Nasal Obstruction Present Finding Clinical Trial

Official title:

Effectiveness of Oxymetazoline Added on Intranasal Steroid in the Treatment of Allergic and Nonallergic Rhinitis With Persistent Nasal Obstruction

Clinical Trial Details — Status: Completed

Administrative data

• NCT number: NCT01847131
• Other study ID #: R015532021
• Status: Completed
• Phase: Phase 4
• First received: April 14, 2013
• Last updated: January 3, 2015
• Start date: April 2013
• Est. completion date: December 2014

Study information

• Verified date: January 2015
• Source: Mahidol University
• Contact: n/a
• Is FDA regulated: No
• Health authority: Thailand: Ethical Committee
• Study type: Interventional

Clinical Trial Summary

Background Allergic rhinitis is a common health problem with a worldwide prevalence is 10-25%, and poses significant impact on the quality of life of the patients. In Thailand, the prevalence of allergic rhinitis in the general population is 13.5%, of which the frequency of allergic rhinitis increased from 23% to 38% in the children, and 61.9% in the graduate students. Despite intranasal steroid being the current first-line treatment of patients with allergic rhinitis, only 60% of patients achieve excellent control. Persistent nasal congestion is the major symptom which is difficult to control in these patients. Data are limited about efficacy and safety of the additional use of 0.05% intranasal oxymetazoline hydrochloride (OXY) for persistent nasal congestion that does not adequately respond to recommended doses of intranasal steroid (INS) and oral antihistamine(OAH).

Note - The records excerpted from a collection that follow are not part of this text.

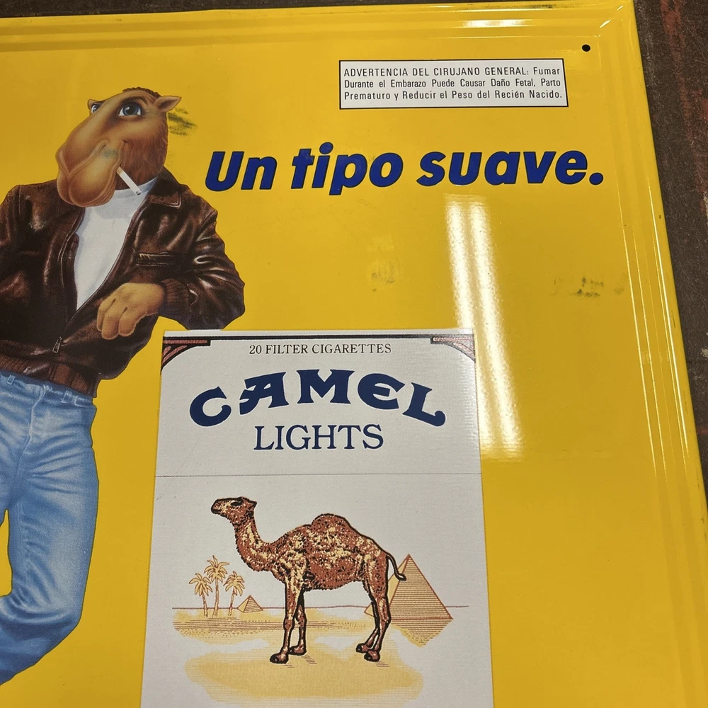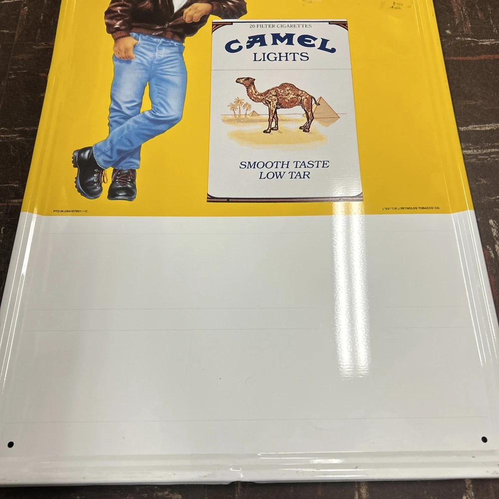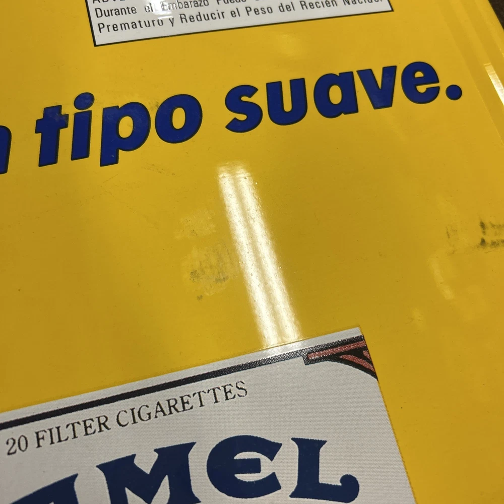 Nice sign, just has a few minor bends/dent and light black marks on front (I did not try to remove). Lays flat on a wall. Mounting tape has been used. See pics!
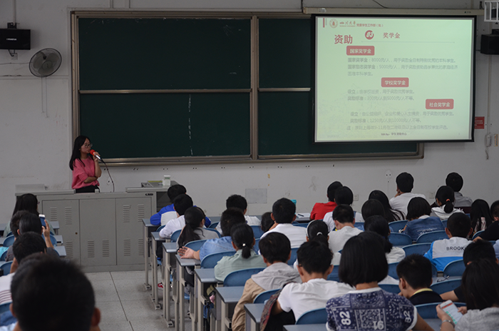 2016级学生资助政策宣讲在江安校区综合楼C座505教室圆满完成。学工部资助中心刘程老师以及2016级辅导员陈晓娟老师和陈林老师参加了本次宣讲。
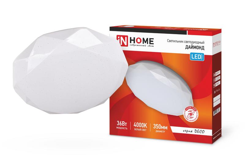 Характеристики Светильник светодиодный серии DECO ДАЙМОНД 36Вт 230В 4000К 3240Лм 380х55мм IN HOME:
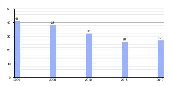 | Gráfica de evolución demográfica de Amoexa (aldea) entre 2000 y 2019 |
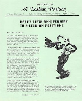 Linda Anderson speaks about her experience as one of the founders of ‘The Newsletter: A Lesbian Position,’ a community newsletter for Lesbians in and around New Haven, CT (1982- 1992). The publication aimed to connect and inform the local Lesbian community and was produced through collective efforts. “It’s not the Lesbian position, it’s just “A” Lesbian position .... we were very deliberate about that. We didn’t want to brand ourselves as “the” Lesbian position, as if we’re the authority. This is just one Lesbian position.”
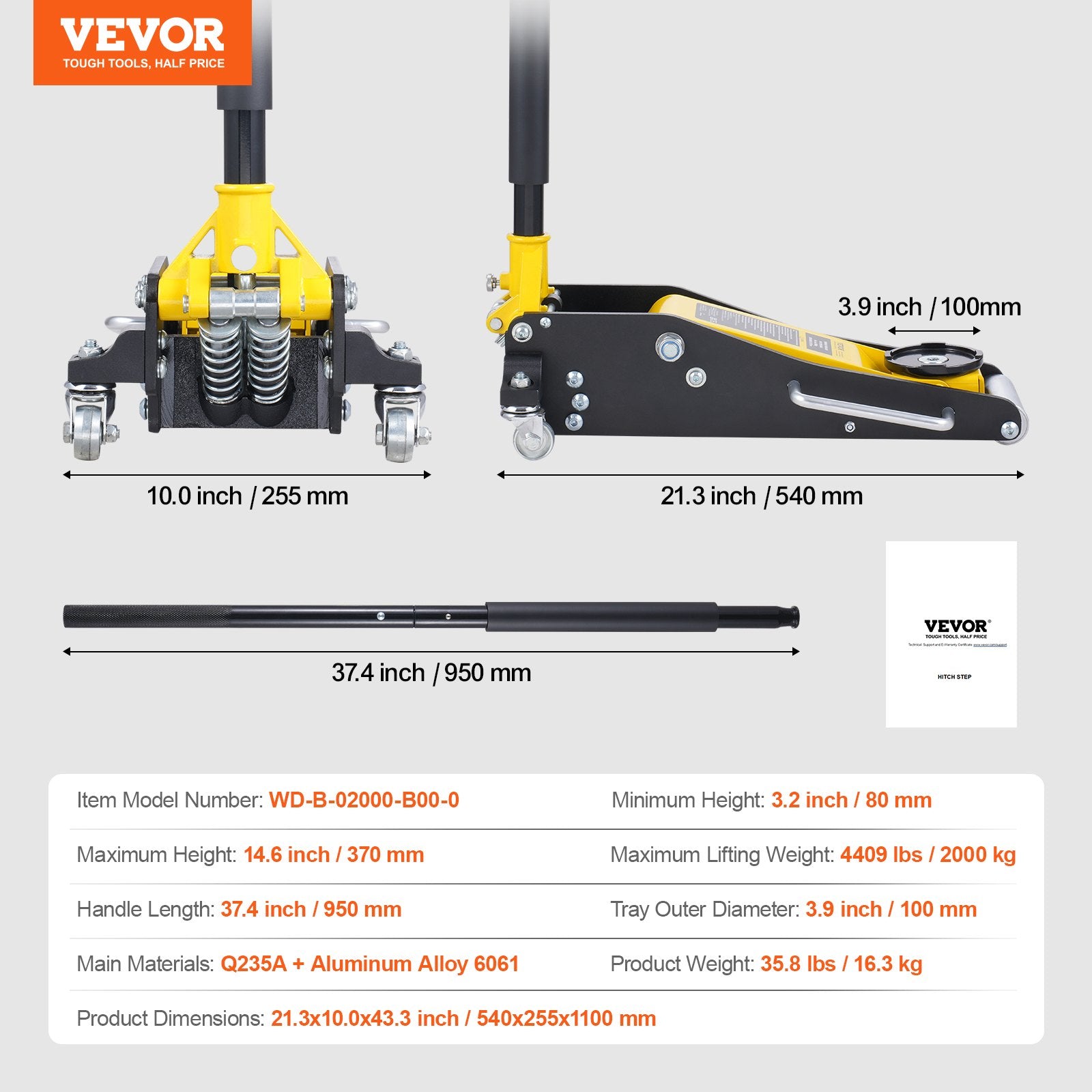 - Robuste Aluminium-Eisen-Konstruktion: Dank des geschweißten Rahmens bleibt der kleine Wagenheber während des Gebrauchs stabil. Er vereint die Stabilität von Eisen mit dem geringen Gewicht von Aluminium und reduziert so Wackeln, Verformung und Korrosion. Dadurch ist er leicht zu transportieren und zu bedienen. Der Griff aus Kohlenstoffstahl ist verstärkt und verdickt, um ein Brechen beim Anheben zu verhindern.

Objective To determine the efficacy and safety of the additional use of OXY for persistent nasal congestion in allergic rhinitis or non-allergic rhinitis patients inadequately controlled by combination treatment with INS and OAH.

Methods The investigators performed a 6-week, randomized, double blind, placebo controlled, clinical trial in 50 patients with allergic rhinitis or non-allergic rhinitis whom inadequately controlled by combination treatment with INS and oral antihistamine (OAH). After an initial screening, qualified individuals were randomized into 2 groups including the treatment group and the control group. The treatment group received the INS (2 puffs in each nostril twice daily) and OAH (1 tablet once daily) plus OXY (2 puffs in each nostril twice daily) The control group received INS (2 puffs in each nostril twice daily) and OAH (1 tablet once daily) plus placebo (2 puffs in each nostril twice daily).

Description:

All participants will continue medications for 4 weeks, then stop using interventional medication and still take INS (2 puffs in each nostril twice daily) and OAH (1 tablet once daily) for 2 more weeks. Then, all participants will come for the last visit to see whether rebound nasal symptoms occur. Participants will be asked to record nasal symptom diary card, and nasal peak inspiratory flow. Rhinoconjunctivitis Quality of life Questionnaire (Rcq) will be recorded during visit.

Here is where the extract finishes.